1. How do I harvest and store sweet potatoes?

Harvest sweet potatoes directly before or after a vine killing frost.  When harvesting sweet potatoes, troll carefully to avoid cutting or bruising the roots.  Behind harvest, cure the sweet potatoes for 1 week at a temperature of 80 to 85°F and close humidity of 90 to 95 percent.  Curing encourages healing of minor cuts and bruises, prolonging the storage life of the sweet potatoes.

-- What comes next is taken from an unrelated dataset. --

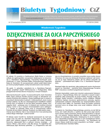 Biuletyn Tygodniowy CIZ Biuletyn Centrum Informacyjnego Zakonów opracowywany przez zespół portalu internetowego www.zyciezakonne.pl i sekretariat Konferencji Wyższych Przełożonych Zakonów Męskich 6-12 września 2016 37/2016 (394) Wiadomość Tygodnia DZIĘKCZYNIENIE ZA OJCA PAPCZYŃSKIEGO W sobotę 10 września w Sanktuarium Matki Bożej w Licheniu odbyły się ogólnopolskie uroczystości dziękczynne za kanonizację o. Stanisława Papczyńskiego. Uroczystej Eucharystii przewodniczył J. E. kard. Stanisław Ryłko, Przewodniczący Papieskiej Rady ds. Świeckich. W uroczystościach udział wzięli także biskupi, licznie przybyli kapłani, osoby konsekrowane oraz marianie. Ok. godz. 11, sylwetkę i przesłanie św. o. Stanisława Papczyńskiego przybliżył zespół folklorystyczny z Podegrodzia, który przygotował montaż słowno-muzyczny o nowym Świętym. Głównej Eucharystii o godz. 12 przewodniczył ks. kard. Stanisław Ryłko, który podczas homilii zwrócił uwagę na aktualność wezwania Chrystusa do świętości: „Święci pokazują nam, iż nawet w warunkach ekstremalnie trudnych i niekorzystnych, życie można przeżyć pięknie. Są dla nas niezastąpionymi świadkami nadziei; mówią nam, iż świętość to nie jest jakaś nierealna utopia, nieosiągalny ideał – pokazują nam, iż świętość jest możliwa również dzisiaj i warto o nią w naszym chrześcijańskim życiu zabiegać.” […] „Święty to człowiek, który trwa w Chrystusowej miłości. Pozwala się tej miłości dotknąć. Świętość ma tylko jedna miarę – mierzy się ja miłością. Tyle w nas świętości ile w nas autentycznej miłości Boga i bliźniego”. (całość homilii W dalszej części homilii ks. kardynał zastanawiał się nad tym, czego uczy nas dziś św. Stanisław Papczyński, co chce powiedzieć nam, ludziom żyjącym na początku XXI wieku. Zdaniem hierarchy odpowiedź tkwi w pełnym imieniu świętego – od Jezusa i Maryi; „Cały Jezusa i cały dla Jezusa. To najpełniej charakteryzuje jego duchową sylwetkę”. [..] „Przypomina nam dzi- siaj, że chrześcijaństwo, to przede wszystkim żywa osoba Jezusa Chrystusa. On uczy nas dzisiaj jak Chrystusa wybierać i jak otwierać się na Jego miłosierną miłość, jak tej miłości pozwolić się dotknąć” – powiedział kard. Ryłko o św. o. Stanisławie Papczyńskim. Nawiązał także do spuścizny, jaką podarował swoim duchowym synom św. Stanisław – szerzenie kultu Niepokalanego Poczęcia NMP oraz praca z osobami pogubionymi życiowo. Zdaniem kaznodziei, ważne jest również usytuowanie historyczne życia o. Papczyńskiego, który żył i nauczał w czasach wojen i epidemii, jakie przetaczały się przez Polskę. Przyszły święty dostrzegał nędzę moralną i materialną swoich rodaków. Widział problemy trapiące ówczesne społeczeństwo: prywatę, egoizm, nadużywanie wolności szlacheckiej czy niesprawiedliwe prawa. W ocenie kard. Ryłko, św. Stanisław starał się budzić sumienia, nawracał serca na drogę wiary oraz uczył rodaków miłości do Ojczyzny. Przesłanie św. Stanisława Papczyńskiego, pomimo, że żył 300 lat temu, jest nadal aktualne, a spełnia się dziś przez jego duchowych synów, księży marianów, którzy służą Kościołowi w Ojczyźnie i na świecie: „Dzisiaj dzielimy ich radość z wyniesienia na ołtarze ich świętego Założyciela i dziękujemy im za ich świadectwo i apostolską posługę, zwłaszcza w tym przepięknym licheńskim sanktuarium. Z głębi serca prosimy – św. Stanisławie od Jezusa i Maryi, módl się za nami wszystkimi i za Polskę” – zakończył homilię kard. Stanisław Ryłko. Biuletyn Tygodniowy CiZ 6-12 września 2016 37/2016 (394) ______________________________________________________________________________________________ Tuż przed zakończeniem Mszy św. ks. prałat Zbigniew Kras, kapelan Prezydenta RP Andrzeja Dudy, odczytał list wystosowany przez Prezydenta do uczestników licheńskich uroczystości, a następnie głos zabrał ks. Paweł Naumowicz MIC, przełożony Zgromadzenia Księży Marianów Polsce. papieskiego kardynała Tarcisio Bertone, zaś pośród pielgrzymów był także Prezydent Rzeczypospolitej Polskiej Lech Kaczyński. I dziś ponownie stajemy w tym sanktuarium, aby dziękować za wyniesienie na ołtarze naszego rodaka, ale i prosić za Jego wstawiennictwem o pomyślność dla naszej Ojczyzny i narodu. Prezydent Rzeczypospolitej Polskiej To dobrze, że w Roku Miłosierdzia i 1050. rocznicy Chrztu Polski możemy cieszyć się takim patronem. Wierzę, że ten gorliwy patriota, głosiciel sprawiedliwości społecznej i znakomity kaznodzieja, jedna z najwybitniejszych postaci XVIIwiecznej Rzeczypospolitej stanie się także życiowym wzorem dla wielu współczesnych. Warszawa, 10 września 2016 roku Uczestnicy i Organizatorzy uroczystej Mszy św. za dar kanonizacji bł. Ojca Stanisława Papczyńskiego w Bazylice Najświętszej Maryi Panny Licheńskiej w Licheniu Życzę wszystkim licheńskim pielgrzymom oraz Zgromadzeniu Księży Marianów, aby czerpali z tego wielkiego dziedzictwa. Życzę Państwu radosnego świętowania i wszelkiego dobra. Z wyrazami szacunku i sympatii Andrzej Duda Eminencjo Księże Kardynale! Ekscelencjo Księże Biskupie! Czcigodni Księża Marianie! Czcigodni Kapłani! Szanowni Państwo! Drodzy Pielgrzymi! Dzisiejsza uroczystość w Bazylice Najświętszej Maryi Panny Licheńskiej jest ogólnopolskim dziękczynieniem za kanonizację bł. Ojca Stanisława Papczyńskiego. To nie pierwsza okazja, aby podziękować za dar jego życia i osoby. W czerwcu tego roku uczestniczyłem wraz z Małżonką w uroczystości kanonizacyjnej w Rzymie. To wielkie przeżycie duchowe, które pozwala bezpośrednio doświadczyć powszechności Kościoła. Ks. Prowincjał zauważył, że „dziś każdy z nas jest zaproszony, aby odnaleźć w św. Stanisławie orędownika i przyjaciela”. Dziękował w

2.How to Cure Sweet Potatoes

Ok so now we should have a pile of messy, fairly undamaged sweet potatoes at this point, exactly? The next stage is to cure them, which heals any bruises and increases their sugar range, a quality appreciated by those who prefer sweet potatoes without marshmallows

For excellent curing, leave them for 4-6 days at 80-85ºF in damp conditions with 90% humidity. Now personally, I do not have a space just like that in my house in mid-November, and I’m not about to jack the warmth up to roast us all alive… so the best these men are gonna get is an upstairs bedroom, which likely stays an overly toasty 70-75º during the daytime.

By James Thomas

Hey, My name is James Thomas, and I run a website dedicated to gardening. If you're looking for tips, tricks, and in-depth information about how to make your garden thrive, you've come to the right place. Explore my website for everything you need to know about gardening!